DH had a zipper pull on his jeans completely fall off on one side. Is there any way to fix this zipper, or do I need to have a new zipper put in? Thanks for any help, Maggie


----------



## BusyBees2

If it's completely lost 1/2 the metal closure that closes the teeth, then you're done. You need to replace the zipper. 

If it's only lost the pull part that you hold on to, then you could put a variety of things on there to hold while he zips.


----------



## Molly Mckee

If you mean the zipper pull came off the "track" on one side, you might be able to work it back on, zip the pants and bar tack over the bottom end of the zipper above the teeth that are messed up, if that leaves enough room for him to use the jeans. If the pull came off the zipper you should be able to replace the pull with one from an old pair.


----------



## used2bcool13

I have had jeans where the "teeth" have come off one side, luckily at the bottom, and I just sewed it closed beyond that point and pulled the zipper up from that point.
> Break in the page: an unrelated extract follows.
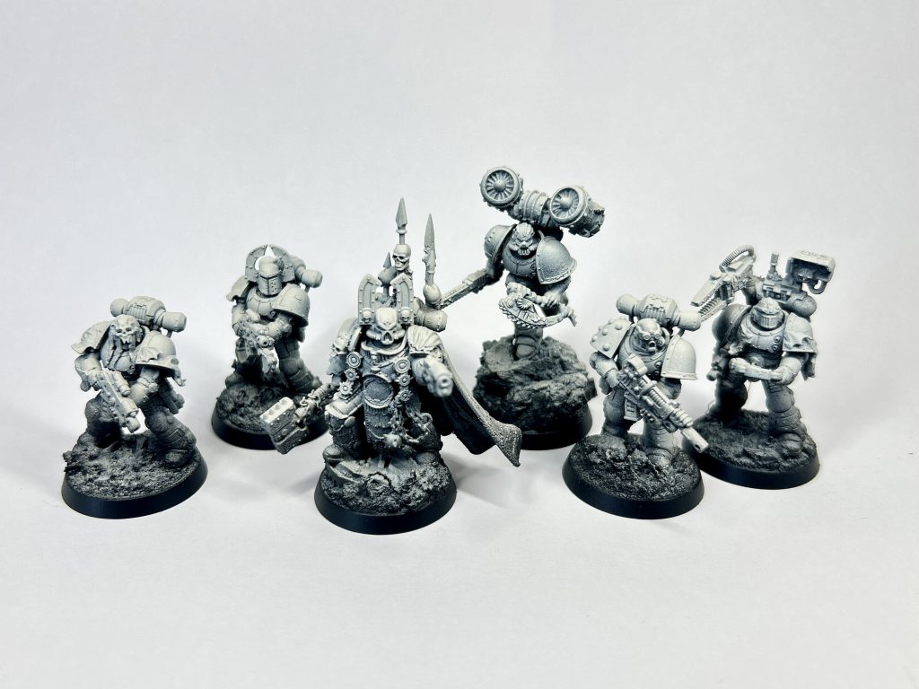 I wasn’t too thrilled about them having the same poses as the MKVI and MKIII kits at first (three-piece leg pose, we meet again), but I totally understand where that comes from, in terms of compatibility with the existing upgrade kits for the Heresy range. It also means I will have to try my hand at building my own MKV armor eventually, by just mixing parts from the same pose across marks. But overall, the kit builds easily and well, and looks solid when built. Bonus points to the one-piece backpacks, which drove me nuts with some of the older plastic Heresy kits. I even mixed in a couple of bits, giving my sergeant a slung bolter from the melee weapons sprue, and a helmet from the old MKII resin kits I had rattling around my bits box.

If the zipper "pull" came off you can re attach it with pliers or use a safety pin or just buy a new "pull".

Hope that helps.


----------



## RedDirt Cowgirl

From this excellent book -
Work the upper and lower halves of the slide apart, preferable with a pointed wire cutter (illustration shows cutter jaws at top and bottom edges of slide, close to open slide.) Make the opening just wide enough to pull the ridge (teeth) back in place, then use pliers to gently press the slide back together.
This worked for me on a brass zipper. A "pull" is that little handle you pull on to move the "slide" over the zipper teeth.
Dr. Foote headed the "mending committee" of a charity in Vermont "Repairing and preserving garments and bedding." It's a very detailed manual, the zipper section alone is 16 pages! It's in our public library.


----------



## Chixarecute

Some shoe repair shops can replace the zip mechanism (not the zipper part with teeth) Although I don't know if it would be cost effective (or possible) for a pair of jeans. I've had it done on winter jackets.


----------